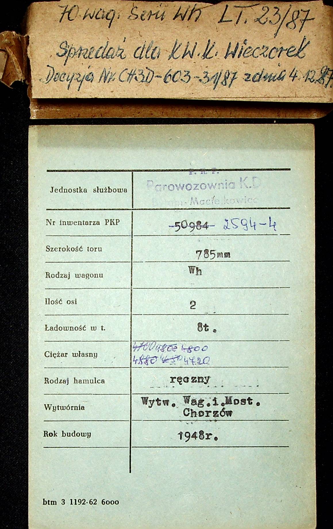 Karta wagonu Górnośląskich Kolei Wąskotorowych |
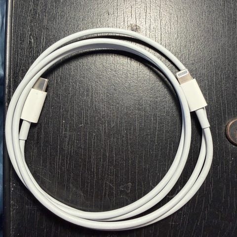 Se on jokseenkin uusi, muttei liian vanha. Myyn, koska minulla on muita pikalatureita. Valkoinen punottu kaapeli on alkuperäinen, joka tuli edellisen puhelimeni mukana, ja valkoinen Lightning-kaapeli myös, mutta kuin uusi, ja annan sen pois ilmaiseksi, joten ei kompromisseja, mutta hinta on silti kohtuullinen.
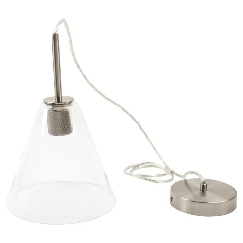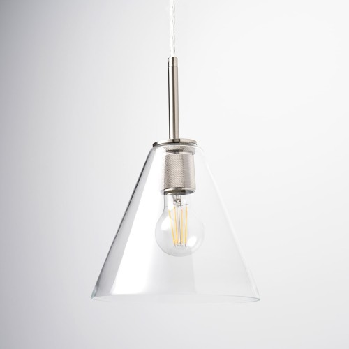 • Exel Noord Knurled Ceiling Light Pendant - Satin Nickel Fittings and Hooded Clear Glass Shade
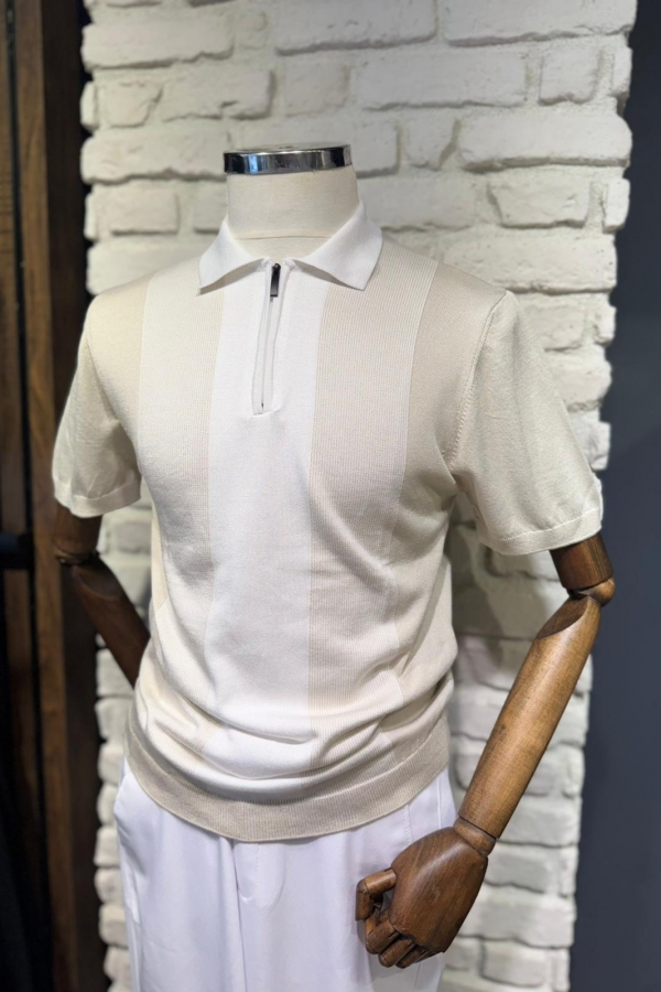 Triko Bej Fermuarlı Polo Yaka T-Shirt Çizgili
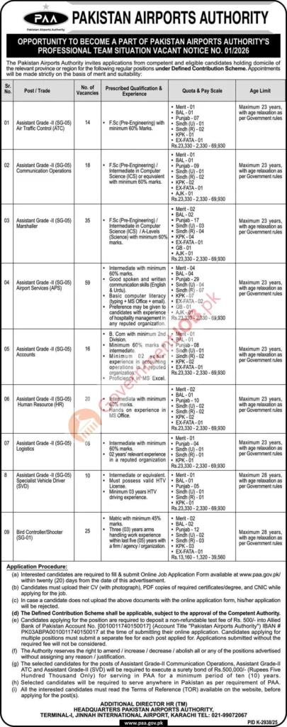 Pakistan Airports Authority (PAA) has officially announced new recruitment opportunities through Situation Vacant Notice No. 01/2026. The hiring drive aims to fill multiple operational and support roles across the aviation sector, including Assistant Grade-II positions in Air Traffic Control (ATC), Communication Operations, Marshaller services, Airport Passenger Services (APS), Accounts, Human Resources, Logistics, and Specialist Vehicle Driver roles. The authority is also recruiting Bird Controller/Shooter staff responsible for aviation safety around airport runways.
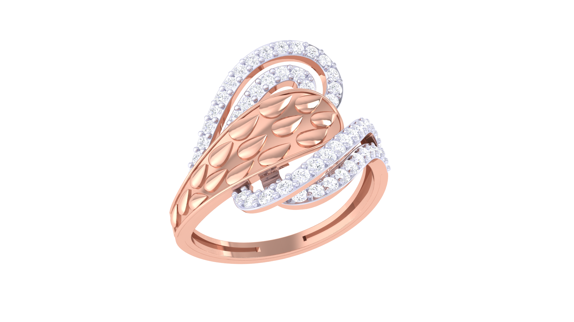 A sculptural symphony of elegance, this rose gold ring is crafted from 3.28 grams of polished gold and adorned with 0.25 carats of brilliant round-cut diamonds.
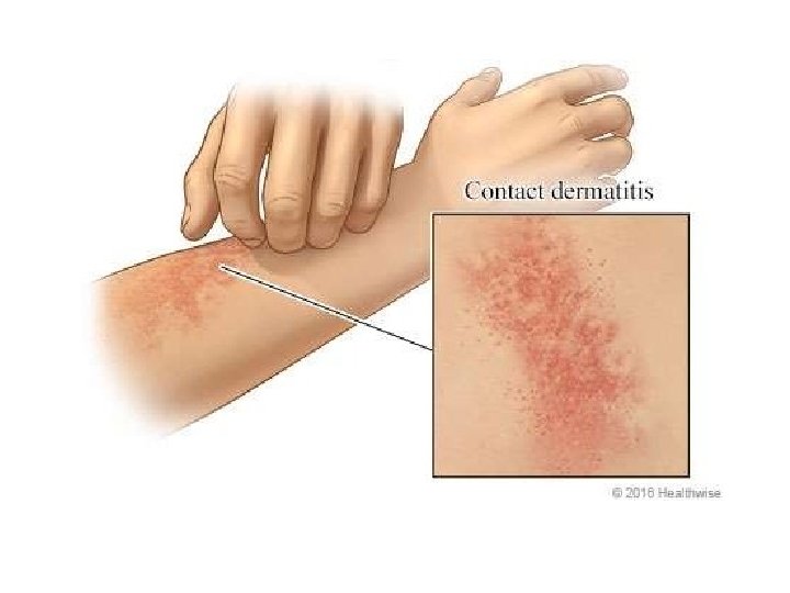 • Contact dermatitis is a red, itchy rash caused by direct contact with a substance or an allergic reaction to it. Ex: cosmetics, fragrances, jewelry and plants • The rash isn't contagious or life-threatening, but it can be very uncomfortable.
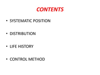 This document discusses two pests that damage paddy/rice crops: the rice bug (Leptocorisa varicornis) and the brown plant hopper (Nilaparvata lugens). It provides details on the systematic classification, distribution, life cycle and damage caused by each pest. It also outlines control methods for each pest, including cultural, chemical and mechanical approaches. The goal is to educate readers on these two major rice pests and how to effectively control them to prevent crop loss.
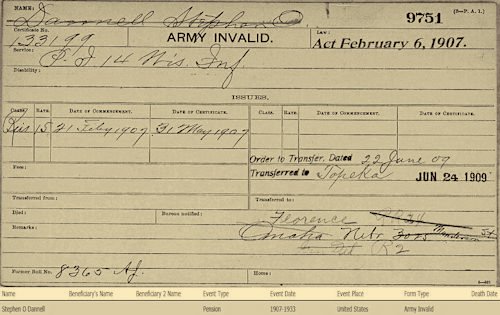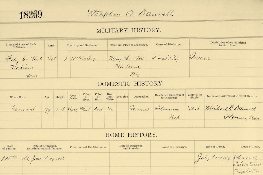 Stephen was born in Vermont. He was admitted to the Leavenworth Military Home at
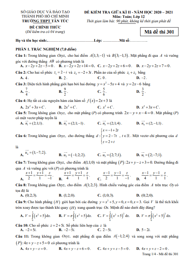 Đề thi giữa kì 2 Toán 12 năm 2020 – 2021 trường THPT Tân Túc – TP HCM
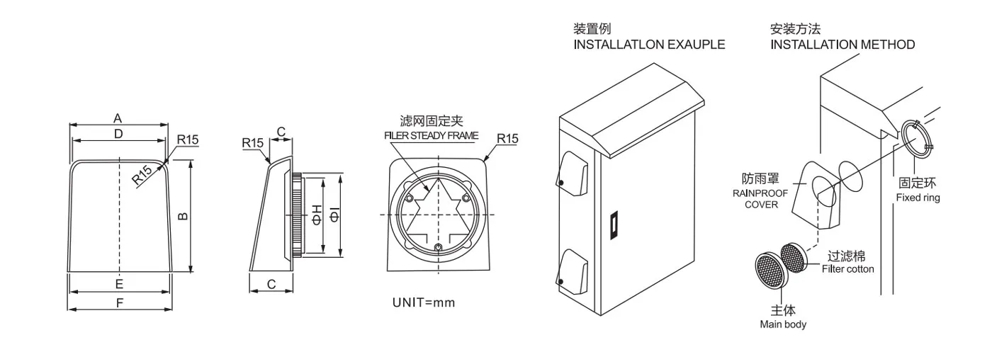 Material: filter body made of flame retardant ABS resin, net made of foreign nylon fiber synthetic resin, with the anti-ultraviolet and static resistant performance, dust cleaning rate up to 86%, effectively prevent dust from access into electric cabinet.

==

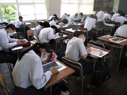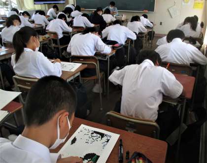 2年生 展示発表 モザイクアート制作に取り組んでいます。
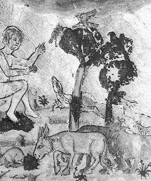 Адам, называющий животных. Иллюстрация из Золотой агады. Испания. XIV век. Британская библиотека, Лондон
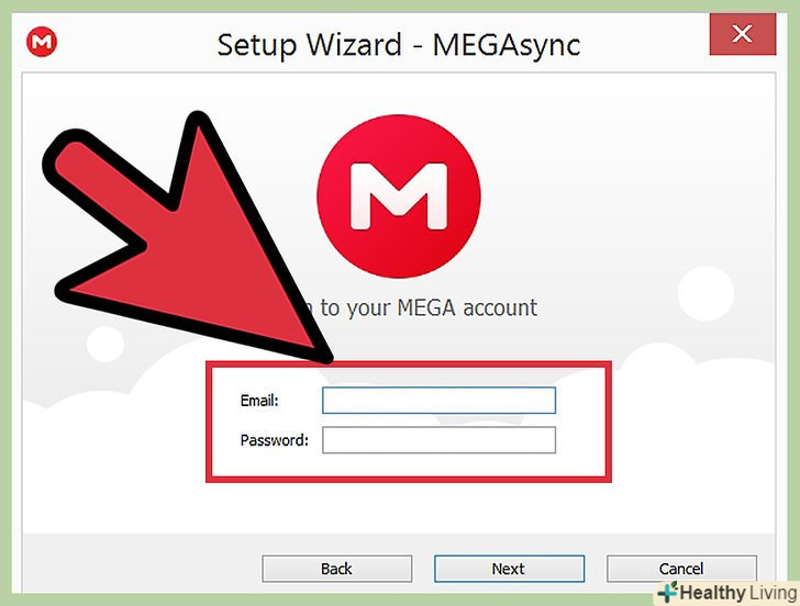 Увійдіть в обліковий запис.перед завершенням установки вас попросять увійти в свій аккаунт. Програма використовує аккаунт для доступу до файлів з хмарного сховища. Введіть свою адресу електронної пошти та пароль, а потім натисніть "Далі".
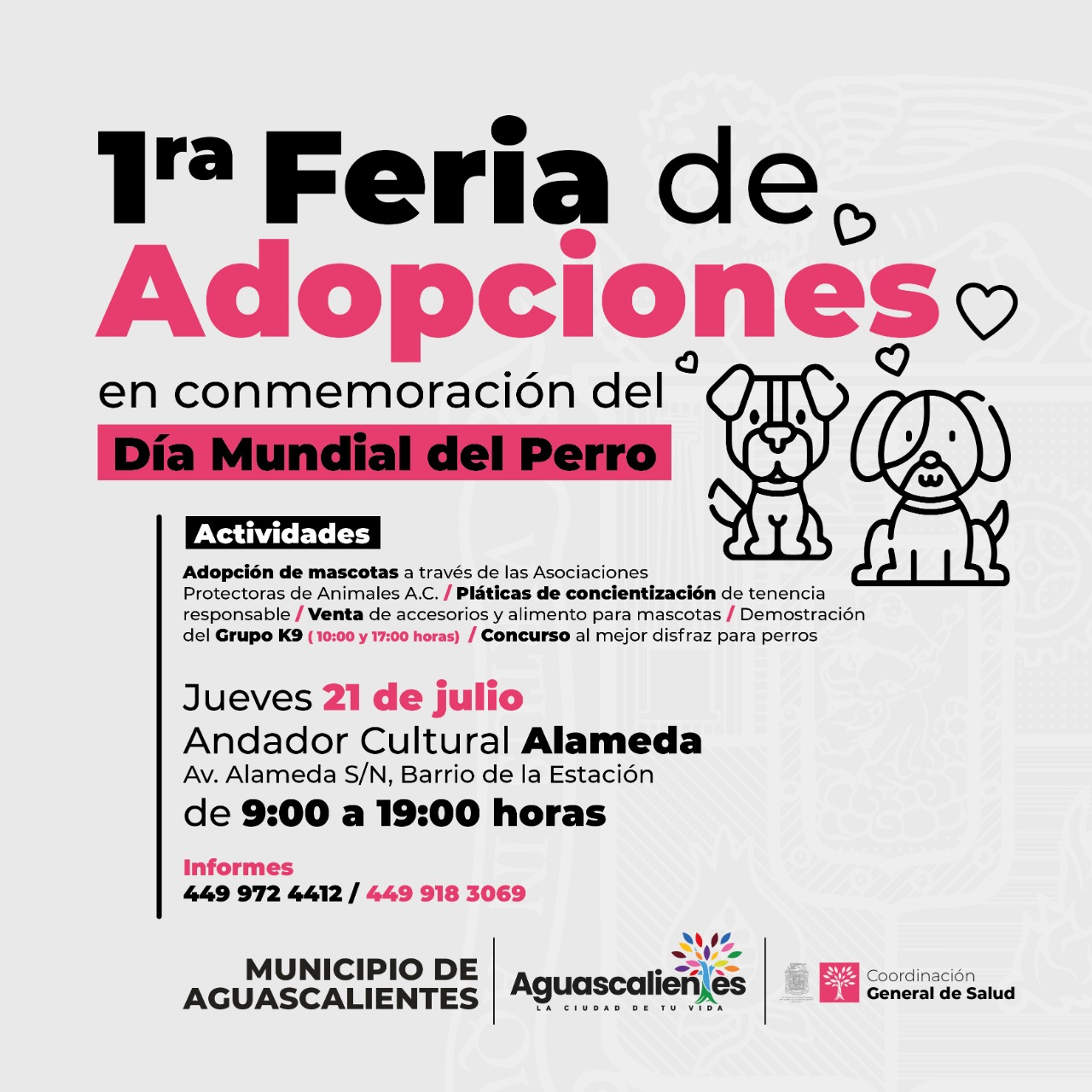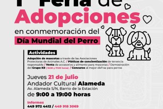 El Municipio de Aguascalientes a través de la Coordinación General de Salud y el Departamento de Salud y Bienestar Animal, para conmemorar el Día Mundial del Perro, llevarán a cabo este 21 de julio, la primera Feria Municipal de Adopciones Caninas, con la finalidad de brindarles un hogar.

◆ ASSIGNMENT
Start with the line with "This document discusses" in the listing above and stop after the line with "Đề thi giữa". Write out exactly the lines in that stretch and no others, without pictures.

◆ ANSWER AREA
 This document discusses two pests that damage paddy/rice crops: the rice bug (Leptocorisa varicornis) and the brown plant hopper (Nilaparvata lugens). It provides details on the systematic classification, distribution, life cycle and damage caused by each pest. It also outlines control methods for each pest, including cultural, chemical and mechanical approaches. The goal is to educate readers on these two major rice pests and how to effectively control them to prevent crop loss.
 Stephen was born in Vermont. He was admitted to the Leavenworth Military Home at
 Đề thi giữa kì 2 Toán 12 năm 2020 – 2021 trường THPT Tân Túc – TP HCM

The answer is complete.